4. Deploy Container and Monitor progress
Next is to deploy the ACI to create the containers. The --templatefile value is the file you created in the prep step as the --outputfile. By default, once the deployment is complete, it will start monitoring progress against the Service Bus and Event Hub. You can change this behavior by setting the --monitor argument to false. This step will extract the jobname and concurrencytype from the values already saved in the --templatefile. The --override argument is not required, but it will allow the monitor to track the target database count and stop monitoring when all targets have been processed.
sbm aci deploy --settingsfile "<settings file name>" --templatefile "<ARM template file>" --override "<override file name>" --monitor
if you would rather run an extra step (for whatever reason), you can run a separate monitor command:
sbm aci monitor --settingsfile "<settings file name>" --jobname "<job name>" --concurrencytype "<concurrency type>" --override "<override file name>"

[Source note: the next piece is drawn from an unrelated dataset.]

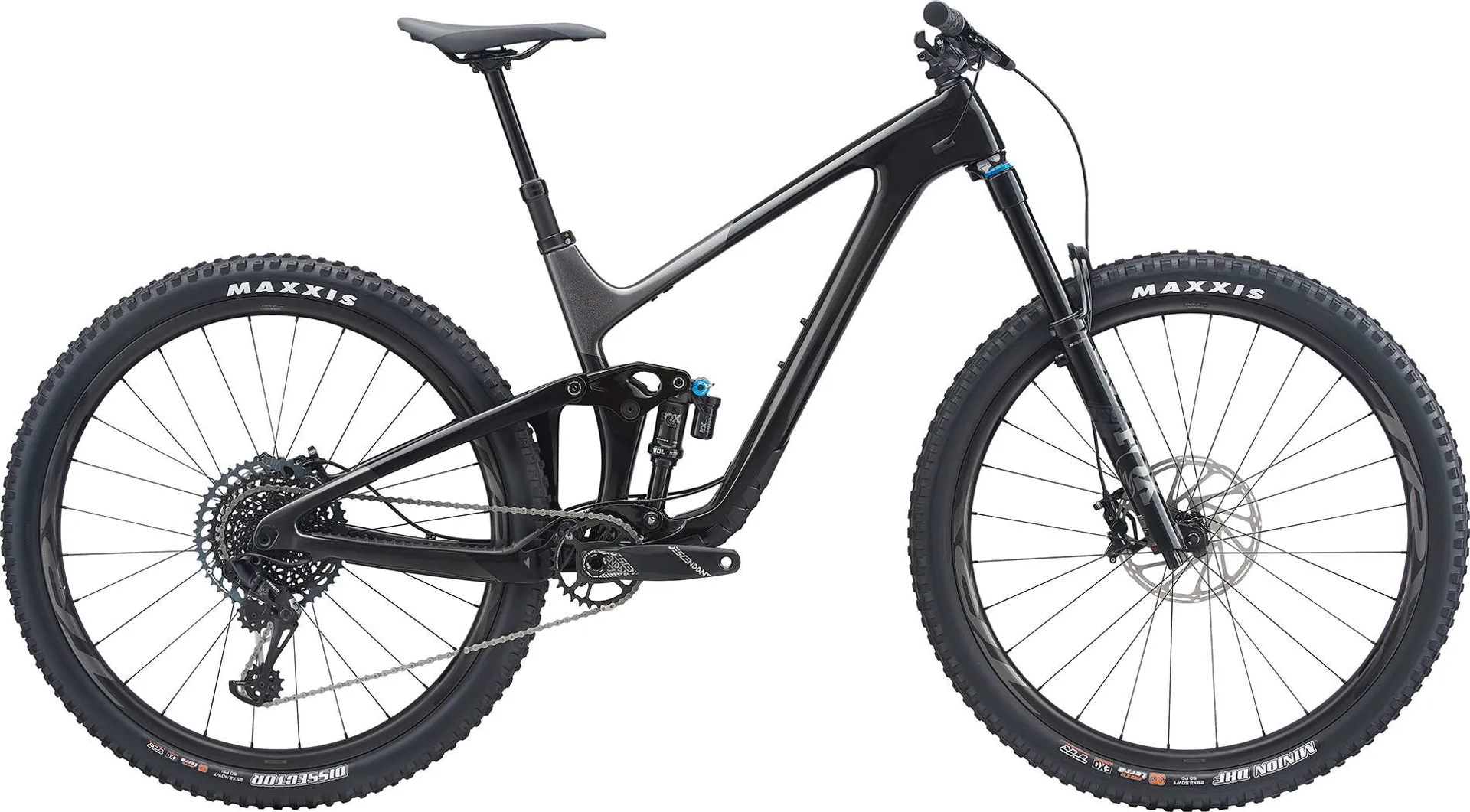 This new member of the Trance family is designed with a longer travel suspension setup for added control on the most challenging trails. The full composite frame is engineered for 135mm of rear travel and 150mm upfront. The Maestro rear suspension has a two-stage adjustable Advanced Forged Composite rocker arm with a trunnion-mount shock. The flip-chip-equipped rocker arm lets you adjust frame geometry for your own riding style and terrain. To fine-tune the ride, you can choose a steeper or slacker head tube angle (66.2 or 65.5 degrees) and seat tube angle (77.9 or 77.2 degrees), which results in either a 30mm or 40mm bottom bracket drop. And it’s all built around 29-inch wheels for added stability on rugged terrain.

All of the run logs will be transferred from the pods to the storage container specified in the jobname argument. When monitoring is complete, it will output a Blob container SAS token that you can use in Azure Storage Explorer to easily view the logs.
IMPORTANT: After the sbm aci deploy (with monitoring) or sbm aci monitor completes, as part of the clean-up, it will remove the Service Bus Topic associated with the build. This will deactivate the running containers.